Lastly, reboot the worker nodes with ./cluster_config.py -p -c 'sudo shutdown -r now’ and confirm across the nodes that the hostnames have been updated.


3.2.7. Add all hostnames to each node

The /etc/hosts file needs to be further updated with ip addresses and corresponding hostnames for all nodes that form the cluster.

  1. First create and save a text file called node with the list of IP addresses and corresponding node IDs:
192.168.5.1    node0
192.168.5.41   node1
192.168.5.42   node2
192.168.5.19   node3
192.168.5.8    node4
192.168.5.9    node5
  1. Copy this file to the other nodes:

The following script cluster_xfer.py accepts arguments as described in the help and calls linux scp via a loop:

https://github.com/essans/RasPi/blob/master/Clusters/cluster_xfer_serial.py

But first create the required directories on each node:

./cluster_config.py -p -c 'mkdir code'
./cluster_config.py -p -c 'cd code && sudo mkdir python'

./cluster_config.py -p -c 'sudo chmod -R 0777 code'   #full permissions

Then copy the file across to each node, and then append the node file information to the /etc/hosts file:

./cluster_xfer_serial.py -p -f nodes -d '/home/pi/python'  #copy "node" file to all nodes

cat nodes | sudo tee -a /etc/hosts  #update /etc/hosts file on master node

./cluster_config.py -p -c 'cd code/python && cat nodes | sudo tee -a /etc/hosts' #same on workers

Then reboot everything

Now each node has the information required to reach other nodes. From any node (eg master) you can now ssh into another node (eg 2) with ssh pi@node2.
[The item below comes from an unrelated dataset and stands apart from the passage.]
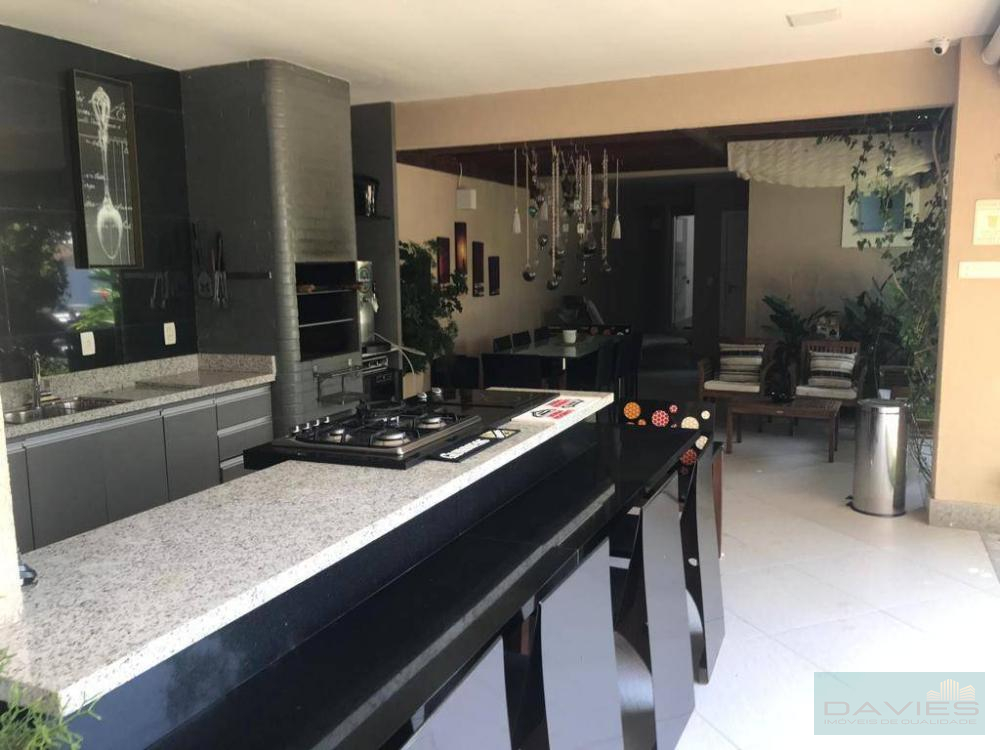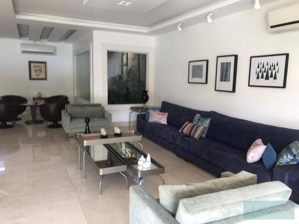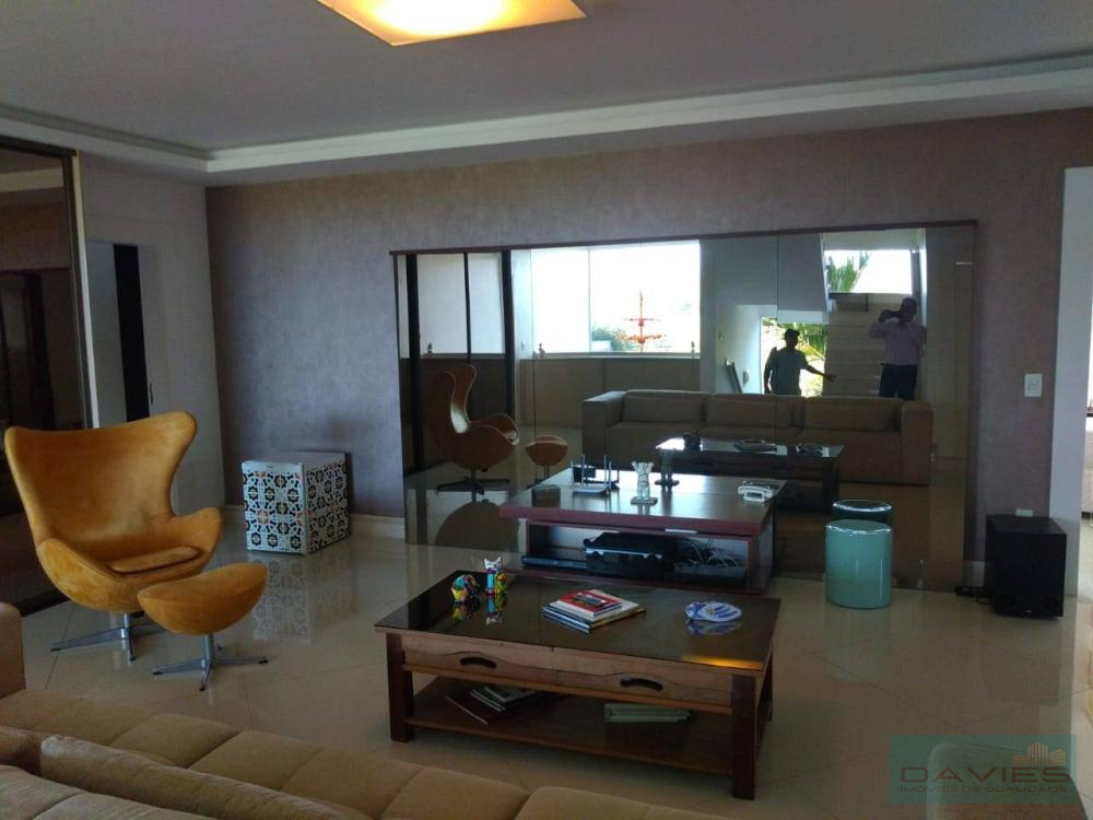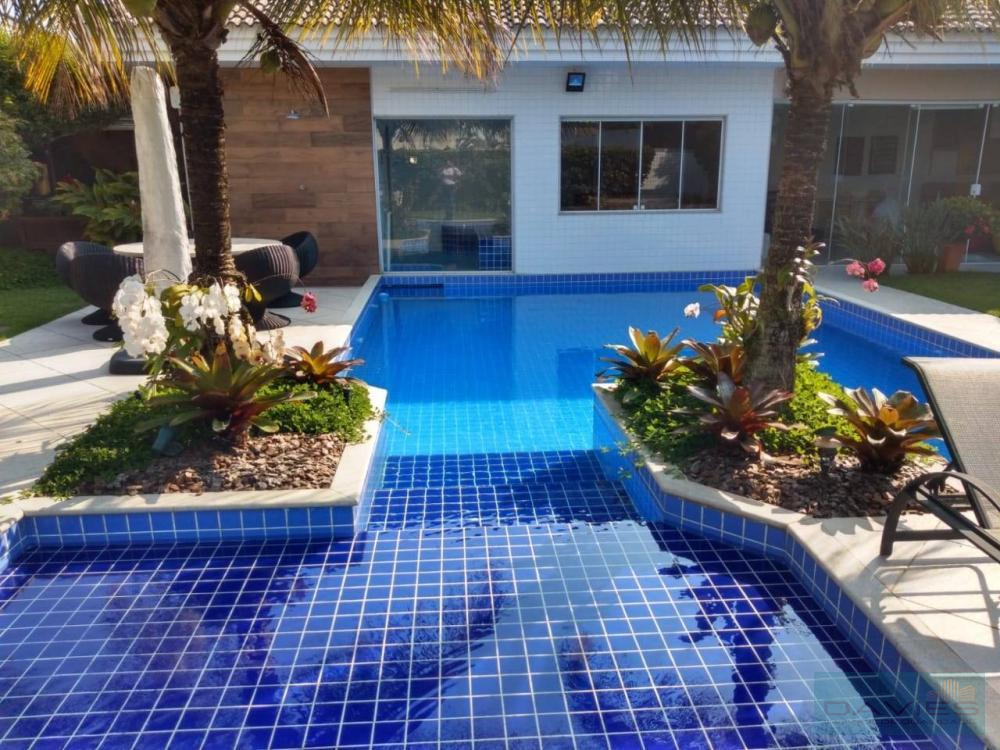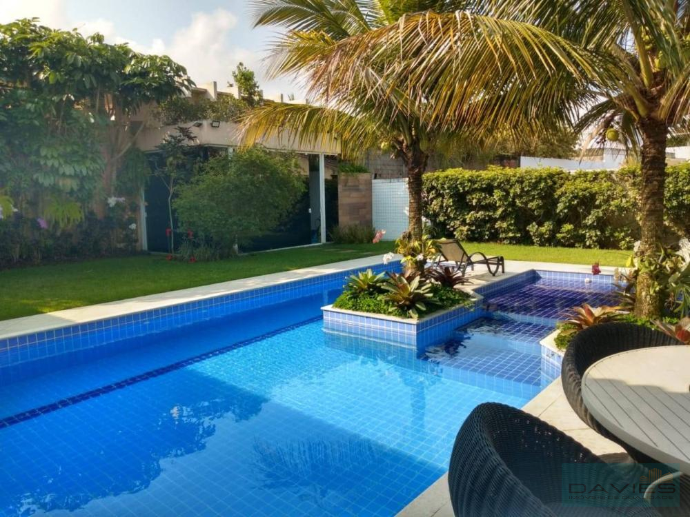 Maravilhosa casa triplex com elevador, em terreno de duna, no condomínio Mansões com infraestrutura e segurança 24 horas, composta de: 1º Pavimento da casa: Ampla sala em vários ambientes, finamente decorada, com projeto em gesso, nichos luminosos, iluminação direta e indireta, jardim de inverno, lavabo e suíte de apoio revertida para escritório. Copa cozinha repleta de armários, duas (2) dependências, despensa e área de serviço. 2º Pavimento da casa: Espaçosa sala íntima, quatro (4) suítes, todas com closet, sendo a master com banheiro duplo, bancada dupla e hidromassagem. 3º Pavimento da casa: Amplo sótão com banheiro completo, copa de apoio, salão de jogos, maleiro, ambiente Home Theater com projetor e isolamento acústico, projeto de iluminação, isolamento térmico, adega para quinhentas (500) garrafas. Lazer nos fundos da casa com espaço gourmet, linda bancada, churrasqueira, forno à lenha, fogão a gás, placa de indução, sala teen com Home Theater, atelier, sala de massagem com ofurô, sauna à vapor com mergulho para piscina com cascata. Casa possui elevador, adega climatizada, automação, poço artesiano com sistema de filtragem de água para toda a casa e lindo paisagismo.

3.2.8. Create/copy ssh-keys

To simplify ssh access to the worker nodes from the master create public and private keys, and then copy the private keys to each worker.

cd ~/.ssh

ssh-keygen -t ed25519

When prompted leave the passphrase blank and set the name to id_cluster1

ssh-copy-id pi@node1
ssh-copy-id pi@node2
ssh-copy-id pi@node3
ssh-copy-id pi@node4
ssh-copy-id pi@node5

cat id_cluster1.pub >> authorized_keys    # needed if hdfs installed later

Now ssh into each node using the password and update various configurations by opening:

sudo nano /etc/ssh/sshd_config

Uncomment/enable PubkeyAuthentication yes and enable PasswordAuthentication no and then reboot the node. The above operations can either be done one at a time or programmatically as shown earlier.

The usual way to ssh into each node (eg node1) would be to ssh -i ~/.ssh/id_cluster1 pi@node1. To simplify the process create a config file in the ~/.ssh folder with the following entries and then save:

Host localhost
     User pi
     IdentityFile ~/.ssh/id_cluster1

Host node0
     User pi
     IdentityFile ~/.ssh/id_cluster1

Host node1
     User pi
     IdentityFile ~/.ssh/id_cluster1

Host node2
     User pi
     IdentityFile ~/.ssh/id_cluster1

Host node3
     User pi
     IdentityFile ~/.ssh/id_cluster1

Host node4
     User pi
     IdentityFile ~/.ssh/id_cluster1

Host node5
     User pi
     IdentityFile ~/.ssh/id_cluster1

Now we can ssh into another node (say node1) using a simple ssh node1.